At trial, Barnes' counsel argued that Barnes was not criminally responsible for his actions because of his schizophrenia. This is known as the mental disease or defect defense or, more colloquially, the "insanity" defense. In his opening arguments, Barnes' counsel noted that Barnes was unable to receive his prescribed antipsychotic medication after moving back to Kansas in January 2006. He implied that this contributed to Barnes' inability to form the required intent for his criminal actions.

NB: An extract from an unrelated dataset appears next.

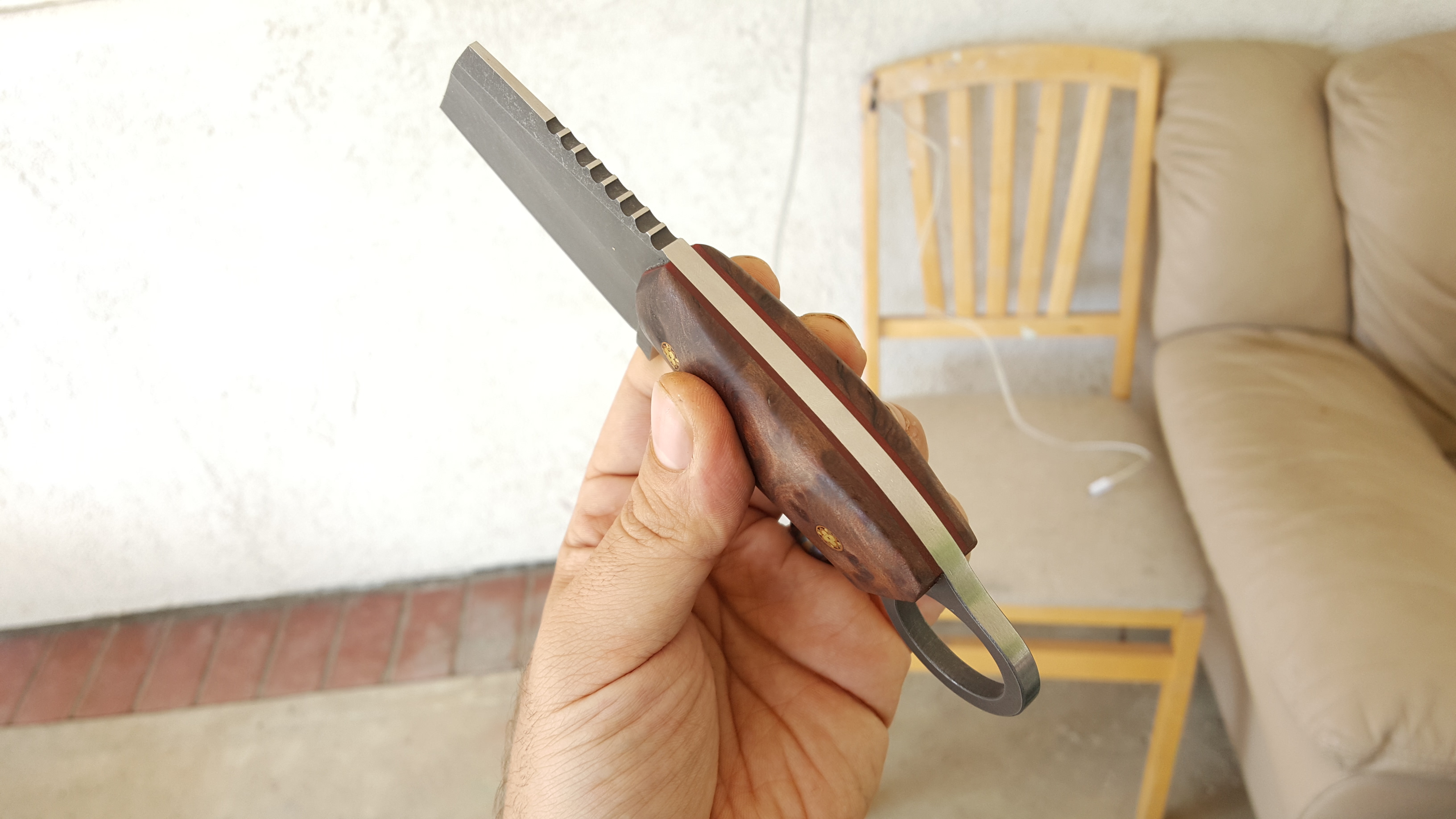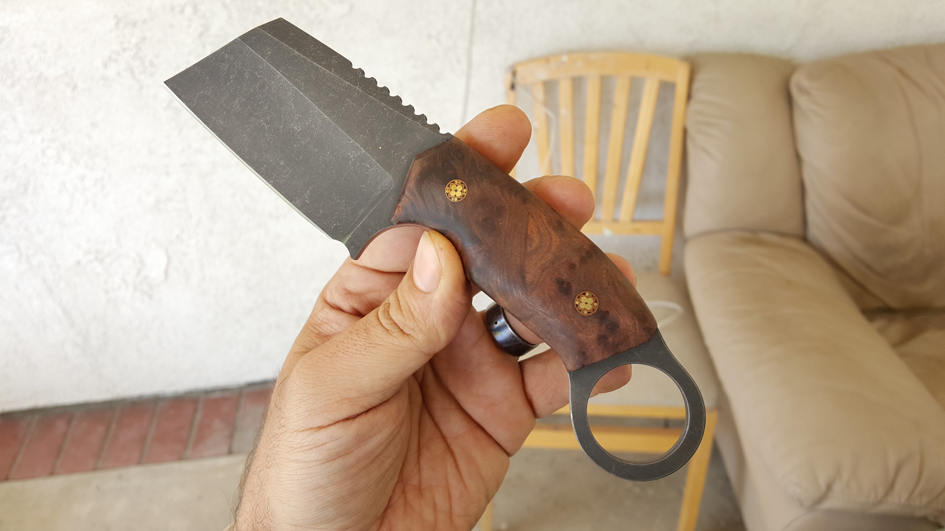 1) Berg Blades Cleaverito - s35vn w/ redwood burl scales over red G10 liners. This knife is in excellent condition and hasn't been used at all. Includes kydex. Asking $420 shipped & paypaled OBO -SOLD-

Midway through his jury trial, Barnes elected to waive his jury trial right and proceed with a bench trial. Barnes' counsel had originally planned to called Dr. John Wisner as an expert witness to establish that Barnes lacked the requisite intent for the crimes charged. Since Dr. Wisner had not yet testified, Barnes' counsel submitted Dr. Wisner's expert report instead. Ultimately, the district court rejected Barnes' defense and found him guilty of both counts.

Barnes appealed to the Kansas Supreme Court in 2008, which affirmed his convictions and sentences in 2011. State v. Barnes, 293 Kan. 240, 262 P.3d 297 (2011). Barnes raised several issues in that appeal, including, as relevant here, whether there was sufficient evidence to support Barnes' possession of the requisite mental state for first- degree premeditated murder and aggravated assault. 293 Kan. at 241.

Following his direct appeal, Barnes filed a timely pro se K.S.A. 60-1507 motion in 2012. In this first motion, he repeated allegations of three trial errors decided in his direct

2 appeal, along with a claim of ineffective assistance of counsel. The preprinted pro se K.S.A. 60-1507 motion form instructed Barnes to explain why he had not previously presented any new grounds for release. Barnes argued that he had not raised the new grounds he now asserted because of the ineffective assistance of his counsel and that "the medication I was not on or on before the shooting that the not [having] the drug induced my paranoid thoughts."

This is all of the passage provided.